Download or read book The Ashgate Research Companion to Federalism written by Ann Ward and published by Routledge. This book was released on 2016-04-01 with total page 688 pages. Available in PDF, EPUB and Kindle. Book excerpt: This comprehensive research companion examines the theory, practice and historical development of the principle of federalism from the ancient period to the contemporary world. It provides a range of interpretations and integrates theoretical and practical aspects of federalism studies more fully than is usually the case. The volume identifies and examines nascent conceptions of the federal idea in ancient and medieval history and political thought before considering the roots of modern federalism in the ideas of a number of important European political theorists of the sixteenth through eighteenth centuries. The contributors focus on the development and institutionalization of the principle of federalism in the American Republic and examine the historical development and central policy debates surrounding European federalism. The final sections investigate contemporary debates about theories of federalism and regional experiences of federalism in a global context including Africa, India, Australia, the Middle East, and North and South America. The scope and range of this volume is unparalleled; it will provide the reader with a firm understanding of federalism as issues of federalism promise to play an ever more important role in shaping our world.

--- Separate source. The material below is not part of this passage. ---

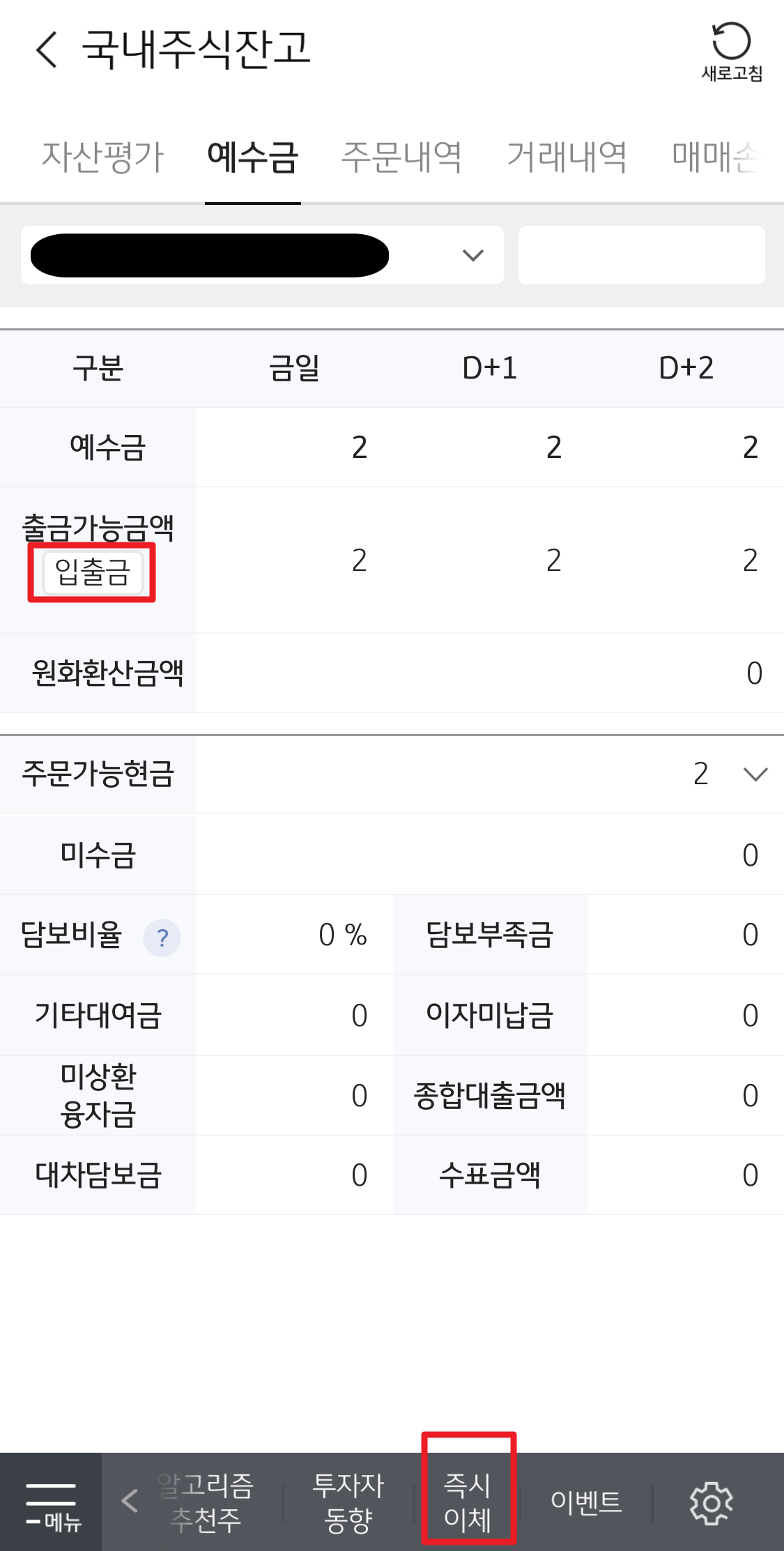 1. 예수금 - 입출금 버튼

Download or read book Identity and Territorial Autonomy in Plural Societies written by Ramón Máiz and published by Routledge. This book was released on 2014-01-14 with total page 297 pages. Available in PDF, EPUB and Kindle. Book excerpt: Focusing on autonomy in countries whose societies are marked by ethnic diversity, this work examines the effects of territorial solutions to the safeguarding of cultural identities. Contributors distinguish among types of autonomy and their impact on pluralism, democracy and unity of the state.

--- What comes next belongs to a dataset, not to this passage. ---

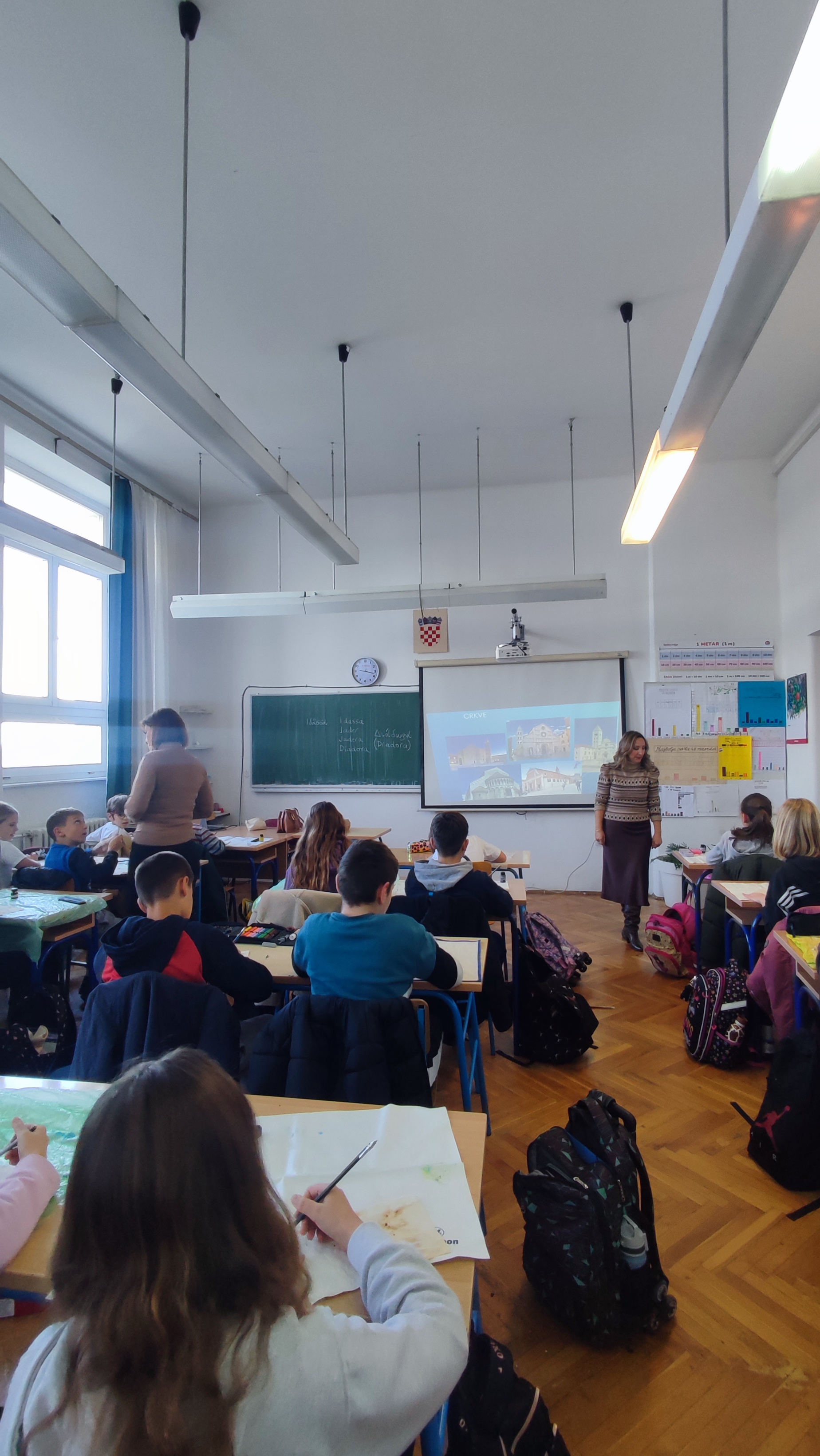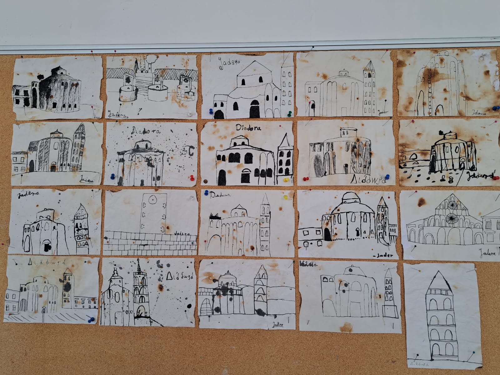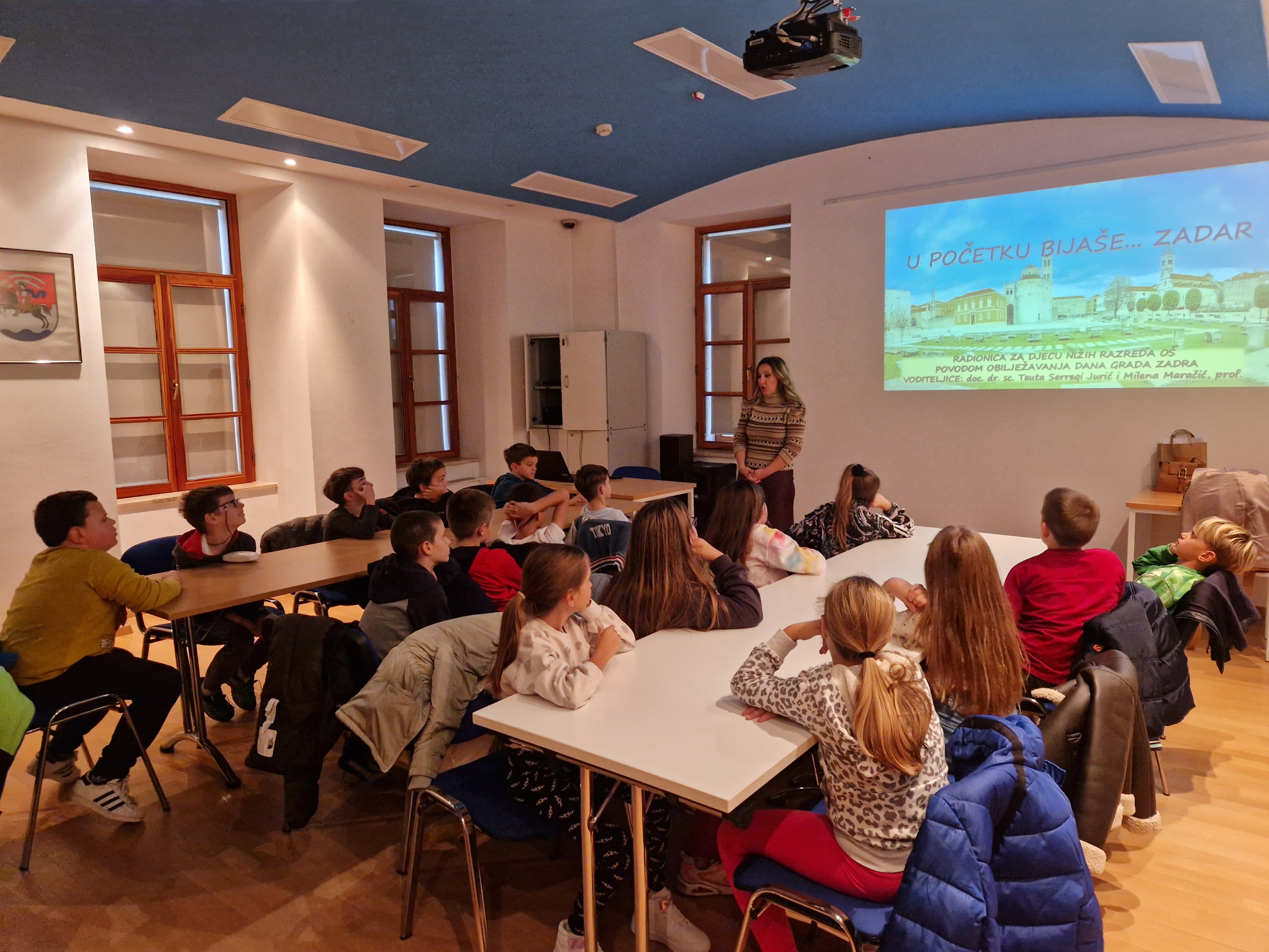 Kroz priču o bizantskom caru Konstantinu VII. Porfirogenetu i njegovu tumačenju imena Zadra od iam erat (u prijevodu "već bijaše") učenici su saznali zanimljive detalje iz najstarije povijesti našeg grada i kako su se mijenjala njegova imena kroz povijest. Nakon priče djeca su na posebno pripremljenim papirima izrađivala stare razglednice Zadra oslikavajući gradske motive.

Download or read book Vernacular Palaver written by Moradewun Adejunmobi and published by Multilingual Matters. This book was released on 2004-01-01 with total page 242 pages. Available in PDF, EPUB and Kindle. Book excerpt: Adejunmobi highlights the continuing appeal of local identities for participants in social networks where communication occurs in languages that are not mother tongues. He shows how in West Africa notions of localness & locality remain important despite the growing prominence of global languages.